Saturday, October 25, 2008

Week 9:Nobu Fujioka:California Academy of Sciences

I visited California Academy of Sciences in San Francisco last weekend on an architecture field trip. This museum was designed by Italian architect Renzo Piano and completed in 2008. Prior to the trip, we were introduced by our instructor images of the building's rectangular form and hemispherical extrusions on the flat roof, which serve as a roof garden. According to Renzo Piano's official website(http://rpbw.r.ui-pro.com/), the primary goal of the building is to provide a modern facility for exhibition, education, conservation, and research under one roof according to sustainable design strategies. Sinse the ecological roof was so unique and somewhat futuristic in form, I expected the interior to be as innovative as well.

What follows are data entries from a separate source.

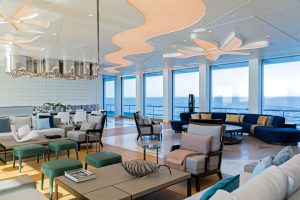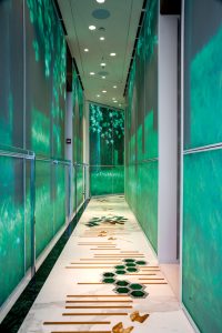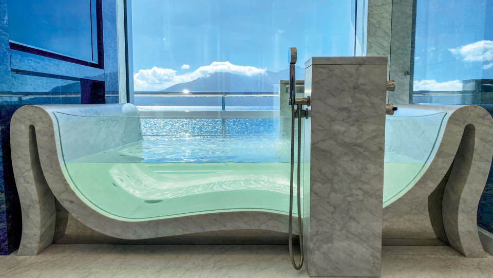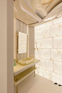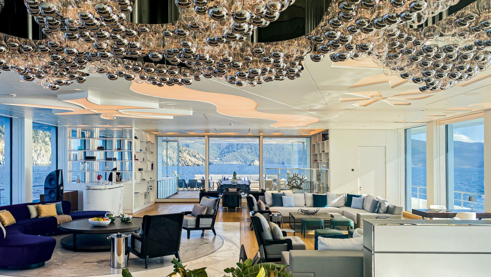 Inside, the yacht embraces art in every detail, paying tribute to renowned artists like Damien Hirst, Man Ray, and Matisse. The Main Deck Lobby showcases colored circles reminiscent of Hirst’s work, while Man Ray’s eye-shaped construction and Matisse-inspired backlit ceiling cut-outs add a unique artistic touch. A striking digital art display along the main staircase spans 370.00 m, where interactive projections of swaying forests and blooming magnolia flowers respond to guests’ movements. The VIP suite on the Upper Deck further enhances the experience with an onyx sculpture that replicates the changing phases of the moon, casting a dreamy glow throughout the space.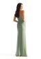 Relaxed bridesmaid dress is effortless in chiffon with a chic straight strapless neckline and wrap-style skirt. The sheath silhouette elegantly glides over the body for a simply stylish look. Shown in Moss.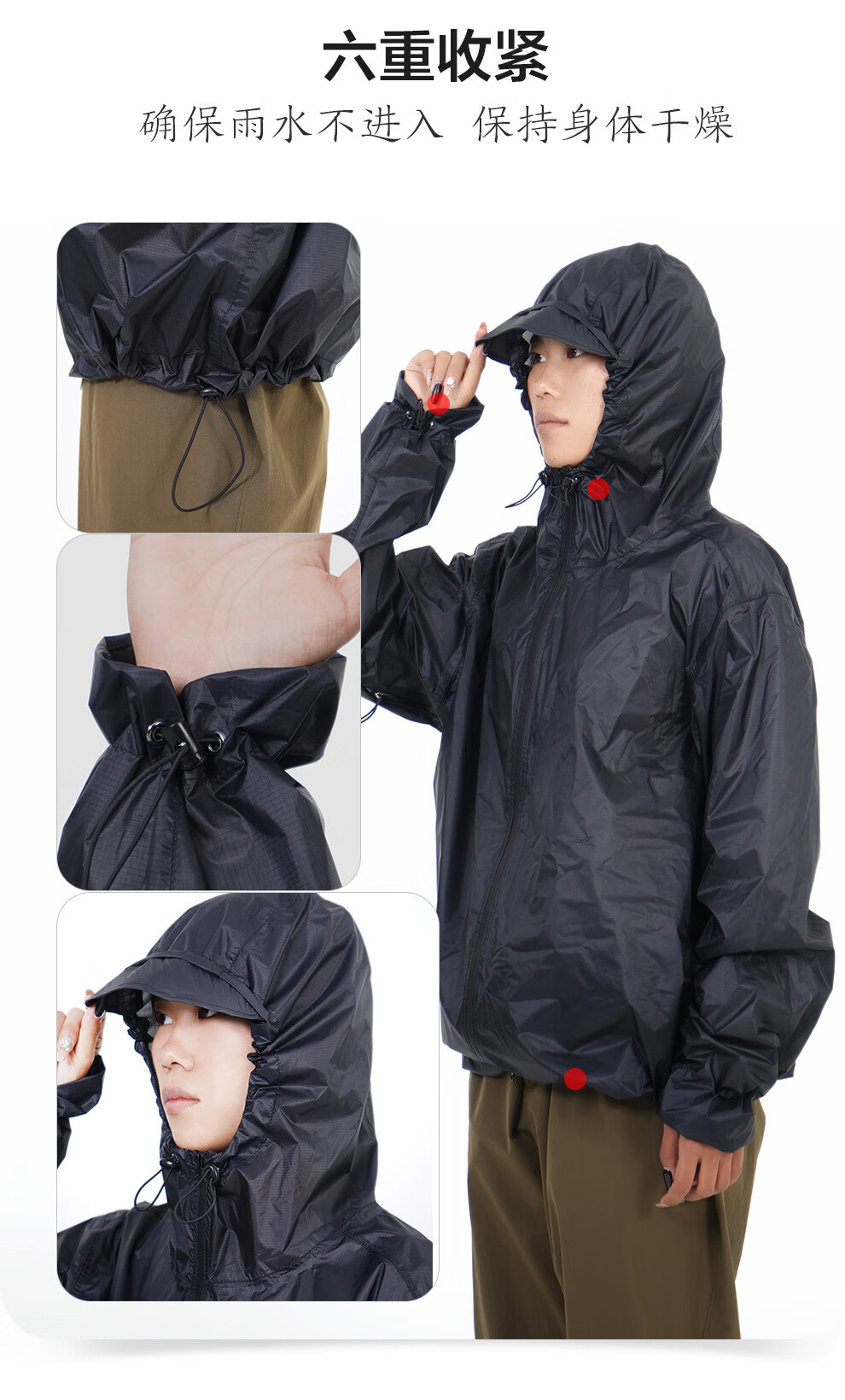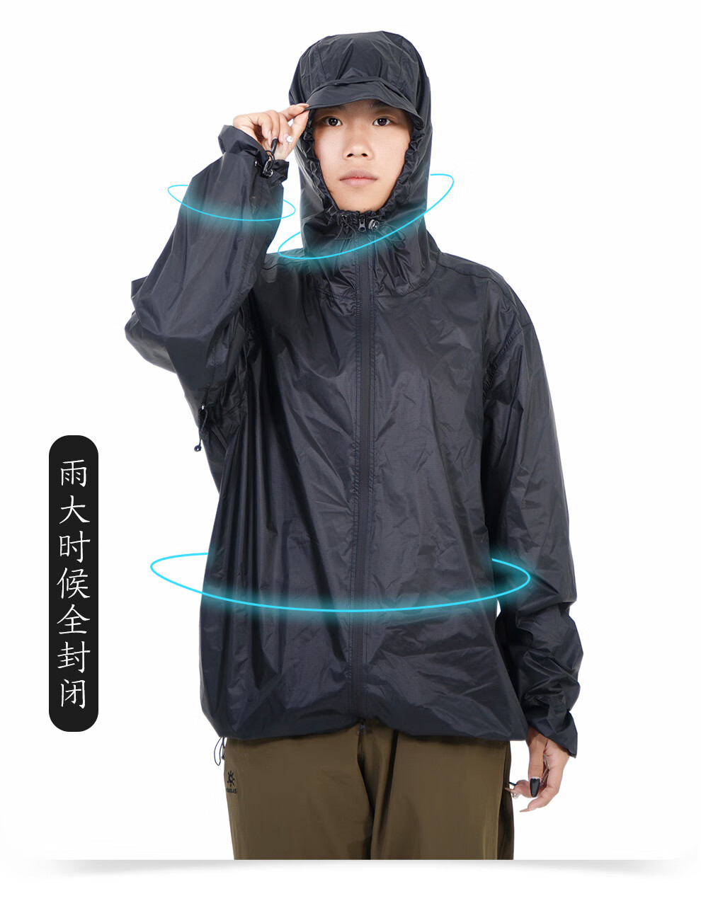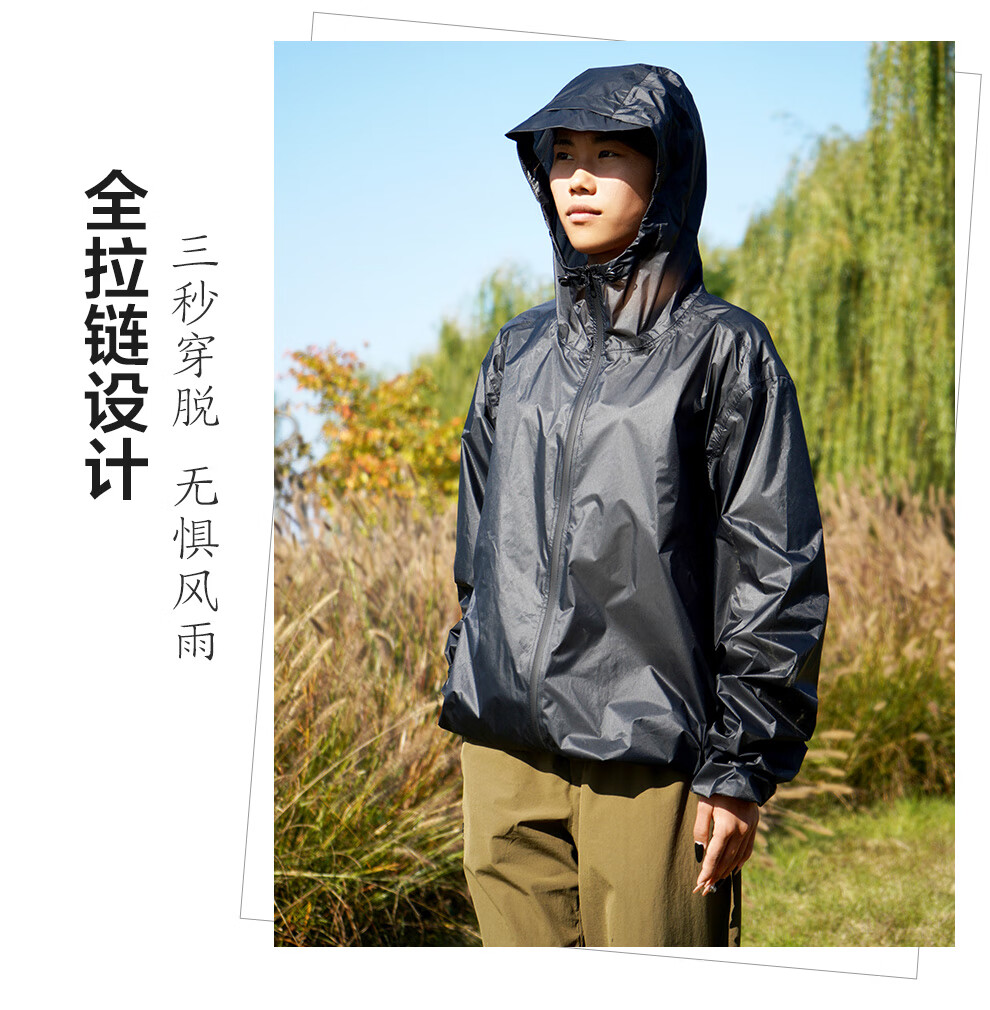 静星户外男女通用单人徒步旅游雨衣全拉链防风防雨防雪冲锋雨衣 灰蓝色 M

However, what I encountered in the hallways were a series of extremely simple Greek columns, not even Doric, with plain capitals. They seemed to respond to the thinner steel columns across the corridor. I became curious of the architect's intention of inserting those Greek columns in a museum dedicated to science and ecology that appears to have little relations with Greek architecture.
Perhaps the Greek columns contributes to the monumentality of the building in the interior, while the half-domes on the roof create a unique form in the exterior. Or maybe they are a reminder of the past, the origin of science and technology, and showing a connection to the exhibitions that are mainly related to nature, such as a rain forest, aquarium, and planitarium.